• SOURCE DATA

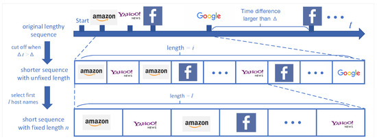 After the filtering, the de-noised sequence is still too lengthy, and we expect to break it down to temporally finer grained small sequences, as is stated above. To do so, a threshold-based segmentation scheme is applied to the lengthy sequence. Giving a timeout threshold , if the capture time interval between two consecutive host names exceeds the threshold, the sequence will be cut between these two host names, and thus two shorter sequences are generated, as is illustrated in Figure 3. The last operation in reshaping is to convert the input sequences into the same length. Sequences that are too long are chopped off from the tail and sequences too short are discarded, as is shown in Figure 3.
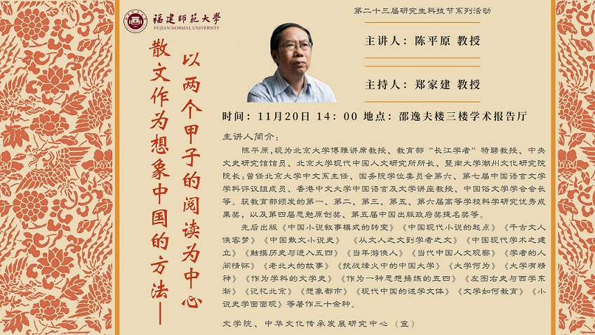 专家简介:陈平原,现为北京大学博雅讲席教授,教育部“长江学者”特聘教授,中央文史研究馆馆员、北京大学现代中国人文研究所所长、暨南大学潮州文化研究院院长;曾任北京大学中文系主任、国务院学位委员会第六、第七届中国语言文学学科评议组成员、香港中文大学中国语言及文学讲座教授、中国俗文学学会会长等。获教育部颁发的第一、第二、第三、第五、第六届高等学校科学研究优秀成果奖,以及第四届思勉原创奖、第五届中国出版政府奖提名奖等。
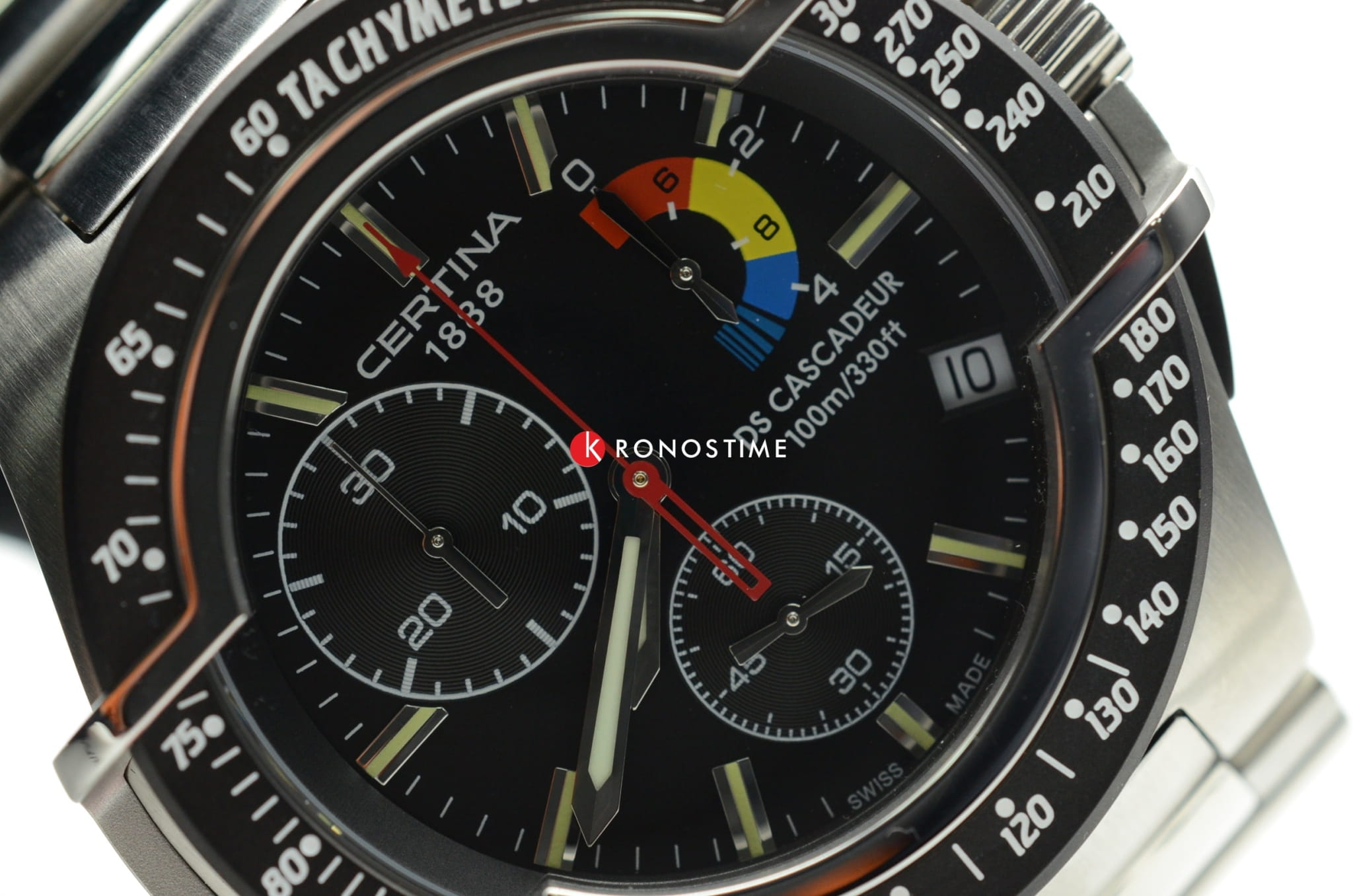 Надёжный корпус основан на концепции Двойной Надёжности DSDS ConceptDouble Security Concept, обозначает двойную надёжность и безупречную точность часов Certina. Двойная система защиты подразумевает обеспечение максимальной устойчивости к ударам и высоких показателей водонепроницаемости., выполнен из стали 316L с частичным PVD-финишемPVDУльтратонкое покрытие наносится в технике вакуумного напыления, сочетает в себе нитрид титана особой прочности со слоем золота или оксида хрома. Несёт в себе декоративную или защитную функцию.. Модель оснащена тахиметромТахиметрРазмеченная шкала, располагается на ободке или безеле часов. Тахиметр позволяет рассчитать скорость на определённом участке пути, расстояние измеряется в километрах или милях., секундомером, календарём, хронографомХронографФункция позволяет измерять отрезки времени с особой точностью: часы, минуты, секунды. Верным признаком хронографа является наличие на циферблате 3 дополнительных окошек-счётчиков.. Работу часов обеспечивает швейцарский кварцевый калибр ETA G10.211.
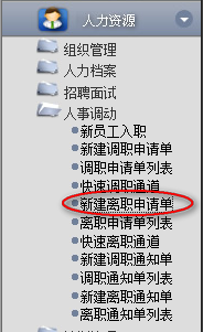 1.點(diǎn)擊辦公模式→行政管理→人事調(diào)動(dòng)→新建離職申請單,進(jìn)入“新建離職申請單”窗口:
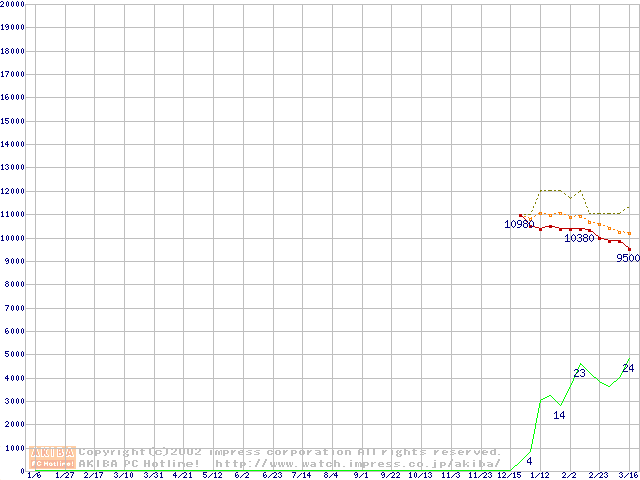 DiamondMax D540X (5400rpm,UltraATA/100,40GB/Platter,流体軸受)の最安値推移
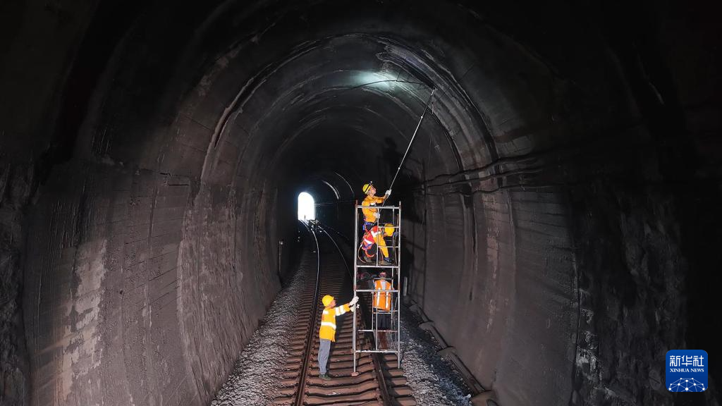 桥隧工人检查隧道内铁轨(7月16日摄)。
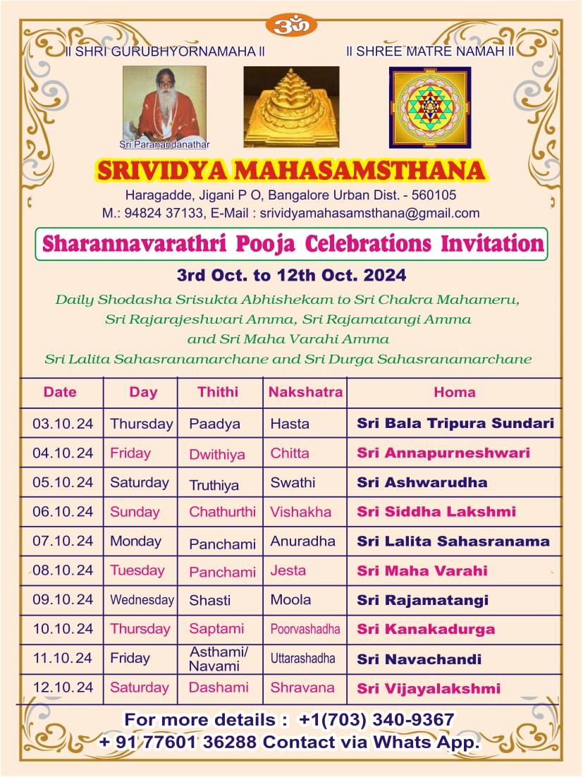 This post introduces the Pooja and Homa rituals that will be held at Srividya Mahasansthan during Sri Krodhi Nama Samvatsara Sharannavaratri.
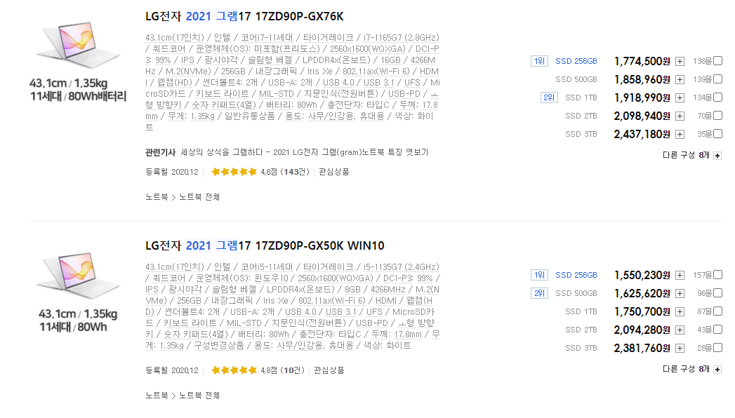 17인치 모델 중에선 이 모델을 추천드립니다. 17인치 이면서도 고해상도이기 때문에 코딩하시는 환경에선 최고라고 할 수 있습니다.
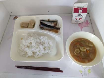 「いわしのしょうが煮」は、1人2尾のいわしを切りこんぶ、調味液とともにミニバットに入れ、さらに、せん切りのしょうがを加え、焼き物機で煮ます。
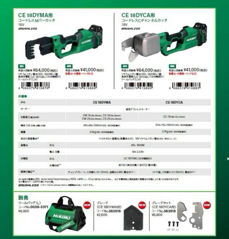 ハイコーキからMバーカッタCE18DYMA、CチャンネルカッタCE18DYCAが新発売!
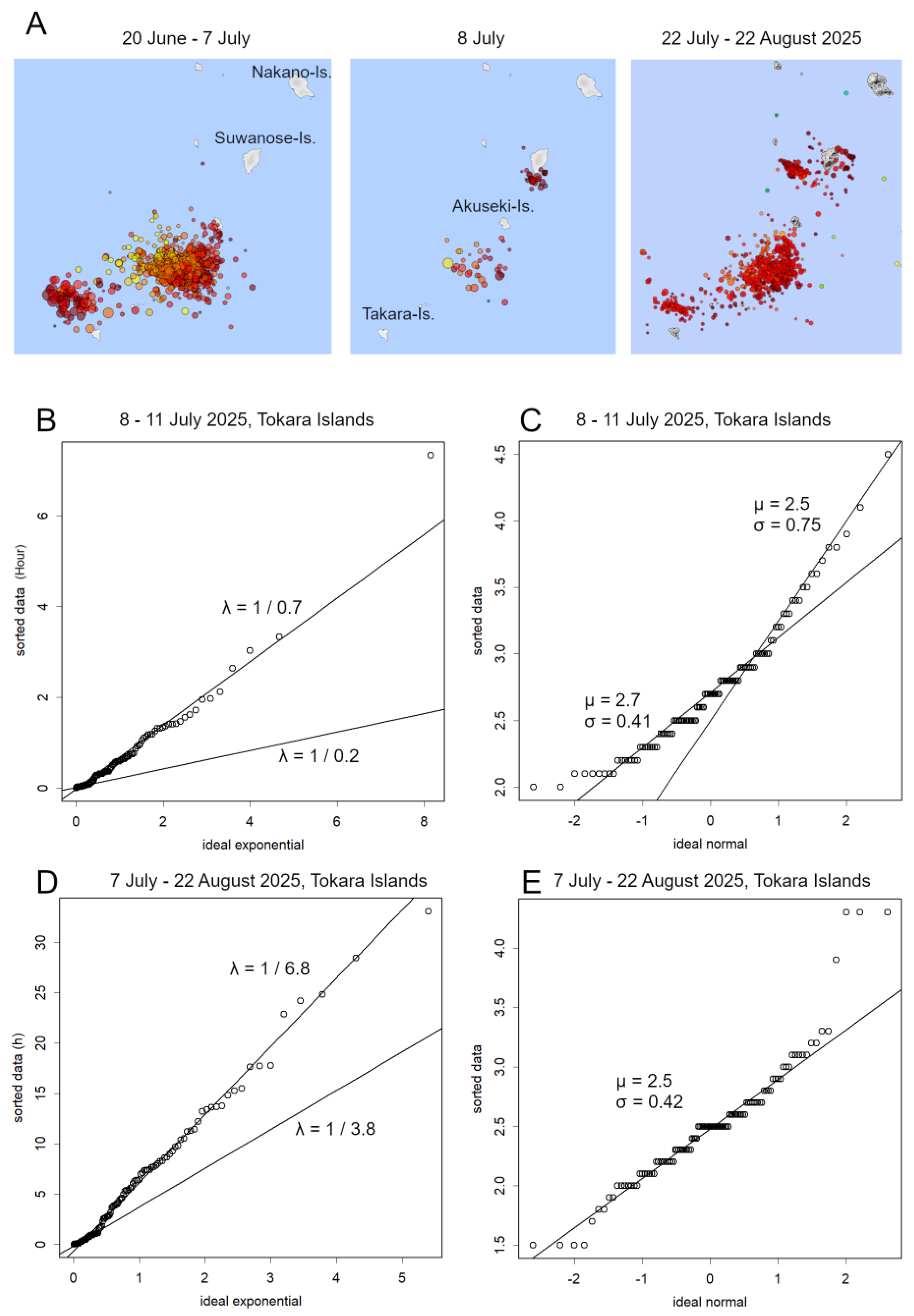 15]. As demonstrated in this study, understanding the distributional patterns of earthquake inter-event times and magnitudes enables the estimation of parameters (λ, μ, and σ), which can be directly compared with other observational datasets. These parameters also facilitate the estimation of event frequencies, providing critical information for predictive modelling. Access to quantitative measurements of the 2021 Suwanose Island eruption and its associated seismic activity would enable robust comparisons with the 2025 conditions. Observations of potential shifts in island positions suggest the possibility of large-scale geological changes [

• TASK DIRECTIONS
The answer is the entries above, given again exactly, with no pictures among them.

• ANSWER FOR THIS EXERCISE
 After the filtering, the de-noised sequence is still too lengthy, and we expect to break it down to temporally finer grained small sequences, as is stated above. To do so, a threshold-based segmentation scheme is applied to the lengthy sequence. Giving a timeout threshold , if the capture time interval between two consecutive host names exceeds the threshold, the sequence will be cut between these two host names, and thus two shorter sequences are generated, as is illustrated in Figure 3. The last operation in reshaping is to convert the input sequences into the same length. Sequences that are too long are chopped off from the tail and sequences too short are discarded, as is shown in Figure 3.
 专家简介:陈平原,现为北京大学博雅讲席教授,教育部“长江学者”特聘教授,中央文史研究馆馆员、北京大学现代中国人文研究所所长、暨南大学潮州文化研究院院长;曾任北京大学中文系主任、国务院学位委员会第六、第七届中国语言文学学科评议组成员、香港中文大学中国语言及文学讲座教授、中国俗文学学会会长等。获教育部颁发的第一、第二、第三、第五、第六届高等学校科学研究优秀成果奖,以及第四届思勉原创奖、第五届中国出版政府奖提名奖等。
 Надёжный корпус основан на концепции Двойной Надёжности DSDS ConceptDouble Security Concept, обозначает двойную надёжность и безупречную точность часов Certina. Двойная система защиты подразумевает обеспечение максимальной устойчивости к ударам и высоких показателей водонепроницаемости., выполнен из стали 316L с частичным PVD-финишемPVDУльтратонкое покрытие наносится в технике вакуумного напыления, сочетает в себе нитрид титана особой прочности со слоем золота или оксида хрома. Несёт в себе декоративную или защитную функцию.. Модель оснащена тахиметромТахиметрРазмеченная шкала, располагается на ободке или безеле часов. Тахиметр позволяет рассчитать скорость на определённом участке пути, расстояние измеряется в километрах или милях., секундомером, календарём, хронографомХронографФункция позволяет измерять отрезки времени с особой точностью: часы, минуты, секунды. Верным признаком хронографа является наличие на циферблате 3 дополнительных окошек-счётчиков.. Работу часов обеспечивает швейцарский кварцевый калибр ETA G10.211.
 1.點(diǎn)擊辦公模式→行政管理→人事調(diào)動(dòng)→新建離職申請單,進(jìn)入“新建離職申請單”窗口:
 DiamondMax D540X (5400rpm,UltraATA/100,40GB/Platter,流体軸受)の最安値推移
 桥隧工人检查隧道内铁轨(7月16日摄)。
 This post introduces the Pooja and Homa rituals that will be held at Srividya Mahasansthan during Sri Krodhi Nama Samvatsara Sharannavaratri.
 17인치 모델 중에선 이 모델을 추천드립니다. 17인치 이면서도 고해상도이기 때문에 코딩하시는 환경에선 최고라고 할 수 있습니다.
 「いわしのしょうが煮」は、1人2尾のいわしを切りこんぶ、調味液とともにミニバットに入れ、さらに、せん切りのしょうがを加え、焼き物機で煮ます。
 ハイコーキからMバーカッタCE18DYMA、CチャンネルカッタCE18DYCAが新発売!
 15]. As demonstrated in this study, understanding the distributional patterns of earthquake inter-event times and magnitudes enables the estimation of parameters (λ, μ, and σ), which can be directly compared with other observational datasets. These parameters also facilitate the estimation of event frequencies, providing critical information for predictive modelling. Access to quantitative measurements of the 2021 Suwanose Island eruption and its associated seismic activity would enable robust comparisons with the 2025 conditions. Observations of potential shifts in island positions suggest the possibility of large-scale geological changes [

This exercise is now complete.